Contoh lain disebutkan, ketika proyek TNI Manunggal Masuk Desa dilaksanakan pada 2008 kemarin tanpa terlebih dulu melaksanakan ritual Monsalei, alat berat yang bekerja untuk pembuatan tanggul Sungai Batui mendadak tidak bisa difungsikan tanpa diketahui sebabnya. Setelah digelar ritual adatnya, barulah alat berat itu bisa bekerja. Karena banyaknya kejadian-kejadian seperti itu, investor yang masuk ke wilayah ini seringkali menghadapi kendala di lapangan ketika akan melaksanakan pekerjaan.
Kentalnya budaya mistis dalam hampir setiap segi kehidupan, membuat masyarakat Batui juga mengenal adanya tempat-tempat yang dikeramatkan. Tempat-tempat itu dulunya adalah bekas perkampungan masyarakat adat di wilayah pedalaman. Di tiap tempat ini, dibangun sebuah bangunan yang disebut ”kusalik” untuk tempat melaksanakan peringatan masuknya agama Islam di Batui pada 906 Hijriyah pada setiap tahunnya. Kusalik pada masa awal masuknya Islam ke wilayah ini berfungsi sebagai tempat mempelajari ajaran agama Islam.
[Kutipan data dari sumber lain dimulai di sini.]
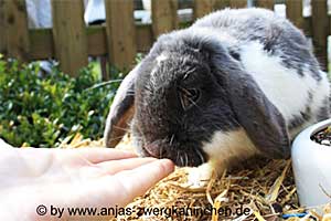 Eine zu frühe Trennung vom Muttertier und der gewohnten Umgebung ist eine große Belastung für das kleine Kaninchen. Es fehlt ein großer Teil der Prägung, denn alles Wichtige lernt der Zwerg in den ersten Wochen von seiner Mutter. Um im späteren Leben zu Recht zu kommen, sind die ersten Wochen die wichtigste. Eine ordentliche Aufzuchtphase beim Muttertier sollte min. bis zur 8. Lebenswoche andauern. Bei uns verlassen die kleinen Ihre Mama sogar erst in der 10. Lebenswoche.

Namun, dalam prosesinya, acara keagamaan di tempat-tempat ini justru kental dengan nuansa mistis karena membuat orang-orang kesurupan saat berzikir dengan iringan tabuhan gong.
Bagi mian Batui, kepercayaan terhadap hal-hal gaib tersebut diyakini bukanlah sesuatu yang berbau syirik. Karenanya, budaya itu tetap terjaga hingga saat ini sebagai kearifan lokal, termasuk ritual Monsale’i.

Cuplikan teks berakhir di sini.